Sociology memo: Intelligent Machines
It's a sad thing that people don't seem to be able to see science fiction happening in real life. Horgan starts with the ``I'm 54'', as if that makes a difference on his opinion of this matter, but does reveal his likely generational bias. He even uses the rhetoric claim that ``they're all men'', which is a falsehood as an absolute statement. There are in fact women, even if he's never seen one.There are three ``flavors'' of the Singularity (link): Accelerating Change is advocated by Kurzweil, with the exponential increases leading to powerful technology where we can do full-brain emulation; Event Horizon is advocated by Vernor Vinge, where we are likely to either significantly improve human intelligence or create a new one, but then all bets are off for the future after that (``if you could predict a Grandmaster's moves in chess, you would be at least as smart as the Grandmaster''); the third type is Intelligence Explosion, advocated by Eliezer Yudkowsky, with the claim that when we create a recursively modifying intelligence, one of the things we can expect it to do is to improve its own intelligence and enter a positive feedback cycle that goes FOOM, ``like a chain of nuclear fissions gone critical.''
For the third type, basing the AI on the human brain isn't required or even desired. Rather, a mathematical model for how intelligence works and how it can improve itself in a stable way is being worked on. Nevertheless, the human brain is fairly complex. But complexity is not an argument. In 1000 years, do these critics really believe no one will have figured out the brain? Look at what understanding science has given us in just the last 400 years! In 1000 years, only a catastrophic global extinction or severe extermination would make me consider the possibility of not reaching a point of intelligence improvement. At the very least, we should be able to trivially increase the speed of our brain neurons within these next few years. They only fire at around 60 Hz.

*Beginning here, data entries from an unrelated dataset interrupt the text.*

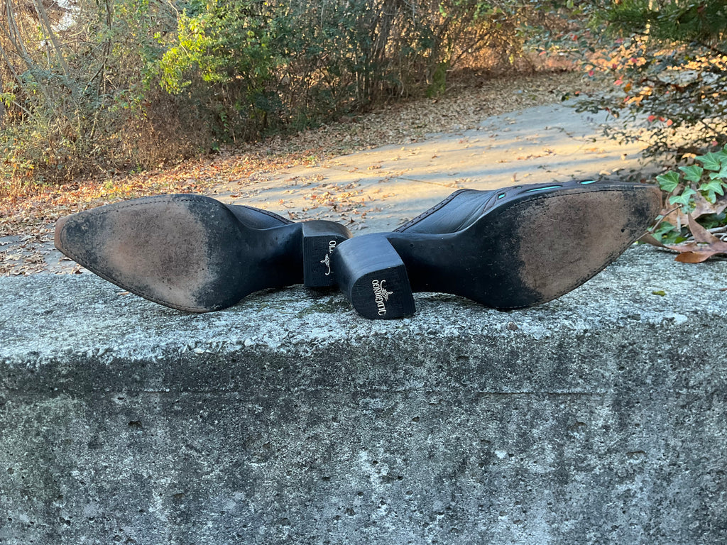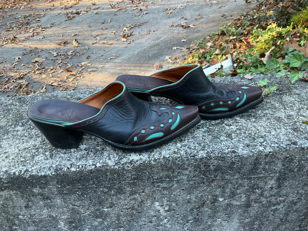 Size 8 women’s Old Gringo mules. Excellent vintage condition. Black and brown with turquoise inlay.
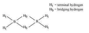 2 boron and 4 terminal hydrogen atoms $(\mathrm{Ht})$ lie in one plane, while the other two bridging hydrogen atoms $\left(\mathrm{H}_{\mathrm{b}}\right)$ lie in a plane perpendicular to the plane of boron atoms. Again, of the two bridging hydrogen atoms, one $\mathrm{H}$ atom lies above the plane and the other lies below the plane. The terminal bonds are regular two-centre two-electron $\left(2 c-2 e^{-}\right)$ bonds, while the two bridging $(\mathrm{B}-\mathrm{H}-\mathrm{B})$ bonds are three-centre two-electron $\left(3 \mathrm{c}-2 \mathrm{e}^{-}\right)$ bonds.
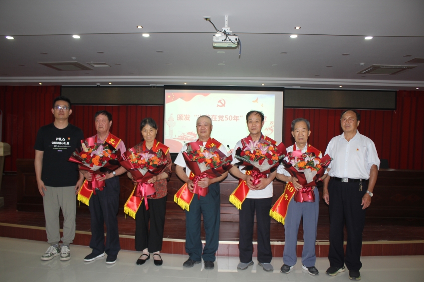 崇川经济开发区事业单位退休老干部党支部书记解建达、明星社区党委书记王建春为入党50年的黄兰英、汤银宝、徐汉明、范进成颁发了“光荣在党50年”纪念章,为他们佩戴绶带、献上鲜花。现场响起热烈的掌声。黄兰英在发言中回顾了自己入党以来,学习、工作上的点点滴滴,分享自己的“初心故事”,表示要不忘初心,牢记使命,继续听党的话,永远跟党走。

No One Knows What Science Doesn't Know. Just because mainstream scientists haven't figured out consciousness yet doesn't mean it's an inherently irreducibly complex phenomenon. Either it's an illusion, and a poorly defined one at that (I can't seem to find agreements for what consciousness itself is), or it's something physical that exists in the structure of our brains (but not in, say, the brains of dolphins?). As I already said, complexity is not an argument. Go back two hundred years and take the now well-established fundamental laws of quantum mechanics with you. You'll either get remarks like ``That's not true'', or ``Many-Worlds? That's too complex! Reality works with a singular global world!'' 200 years ago, Einstein still hadn't thrown out the intuitive notion of time and space we have. People would think you're crazy. In addition to QM, I believe I mentioned in a previous memo that once when Vitalism was popular, its advocates claimed that the phenomenon of life was forever beyond the reach of science, so complex it was. Look where we are now.
Back to the third flavor of the Singularity: programming a Friendly AI. All that is missing is a specific piece of knowledge; the hardware we have now would be sufficient to run the software. For all we know, someone could have figured it out in a bunker already, screwed up with the Friendliness part, and in a week the AI will have solved the protein folding problem, will order some DNA synthesizing through internet services (which apparently have around 72 hour turn around times), and suddenly it will have full-blown molecular nanotechnology that it can use for whatever its purpose is. (Say, transforming all available matter in smiley faces because its human programmers told it to value ``happy humans'', where ``happy'' was interpreted as ``smiling''.)
This Horgan guy amazes me with his vehemence. As I see it, we should have less string theorists trying to be the next Einstein and more smart people working on the Friendly AI problem. Intelligence is more powerful than any technology we have yet created through intelligence. Our own intelligence is a hack, thrown together by evolution. I think we can do better.
As a parting remark, he tries to claim belief in the Singularity is on par with a religious belief. Right, just like Atheism is! I can take a joke, such as ``Rapture of the Nerds'', but people then seem to use that as an actual argument. It's not, and really, the comparison isn't there at all. The Singularity movement has rational, very smart people behind it, unlike religious leaders who ask for ignorance. The Singularity is entirely natural, no supernatural deities or phenomena have to be invoked. The Singularity isn't certain, and any believer should be worried about potential existential risks that could very well happen before or after (thanks to anything from nuclear to nanotechnological war, to a bad AI design). The Singularity is human-caused, we're not waiting around for some external being to do it for us. Unlike the rapture, a successful Singularity isn't one that will benefit just the nerds who believed in it. The rapture puts forth the idea that only good Christians are going to benefit, the rest of us be damned. The Singularity is not a revenge fantasy, it's an idea for improving the human condition. There are no religious ceremonies attached (just like there are no religious ceremonies attached to being an Atheist). Lastly, only those who haven't read up on the subject believe we'll create an AI that thinks remarkably similar to humans, just like characterizations of God appear. No, mind design space is huge. We're likely to get a very alien mind. The important part is plucking one out of the design space that is friendly toward humans, and as a valid criticism toward the Singularity people, not enough are focusing on this problem. Greater intelligence does not automatically transform into greater compassion.